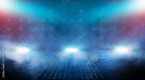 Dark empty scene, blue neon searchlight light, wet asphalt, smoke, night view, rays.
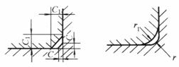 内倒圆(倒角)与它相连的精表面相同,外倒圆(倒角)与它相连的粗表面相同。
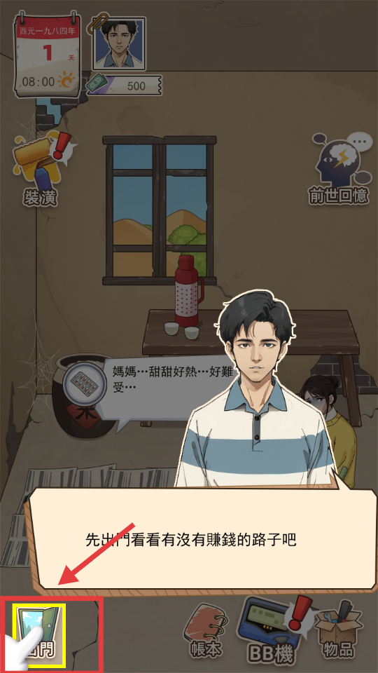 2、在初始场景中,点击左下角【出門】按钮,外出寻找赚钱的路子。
• • • • •
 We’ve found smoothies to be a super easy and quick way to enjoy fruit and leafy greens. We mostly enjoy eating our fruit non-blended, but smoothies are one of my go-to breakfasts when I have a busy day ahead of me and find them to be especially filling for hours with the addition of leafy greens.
• • • • •
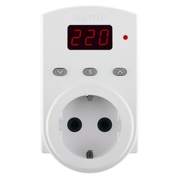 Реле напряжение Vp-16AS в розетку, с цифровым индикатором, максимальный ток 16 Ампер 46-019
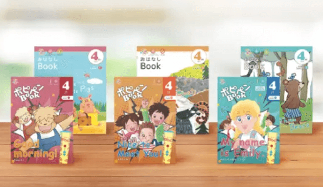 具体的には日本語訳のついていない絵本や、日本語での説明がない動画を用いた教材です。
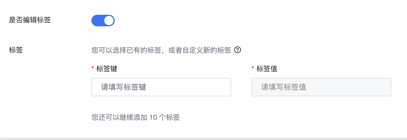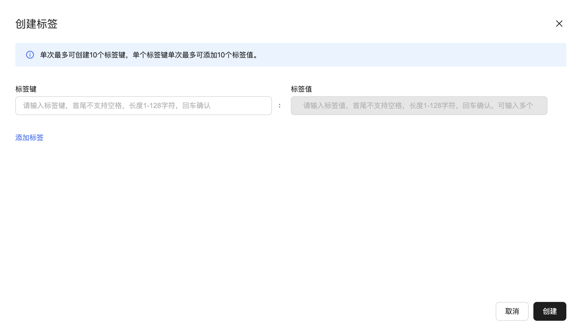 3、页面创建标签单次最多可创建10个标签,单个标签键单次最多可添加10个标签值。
• • • • •
_WORK TO BE COMPLETED_
An exact copy of the lines above from the one with "Реле напряжение Vp-16AS" up to and including the one with "3、页面创建标签单次最多可创" is required; reproduce only those lines, omitting all pictures.

_COMPLETED TASK_
 Реле напряжение Vp-16AS в розетку, с цифровым индикатором, максимальный ток 16 Ампер 46-019
 具体的には日本語訳のついていない絵本や、日本語での説明がない動画を用いた教材です。
 3、页面创建标签单次最多可创建10个标签,单个标签键单次最多可添加10个标签值。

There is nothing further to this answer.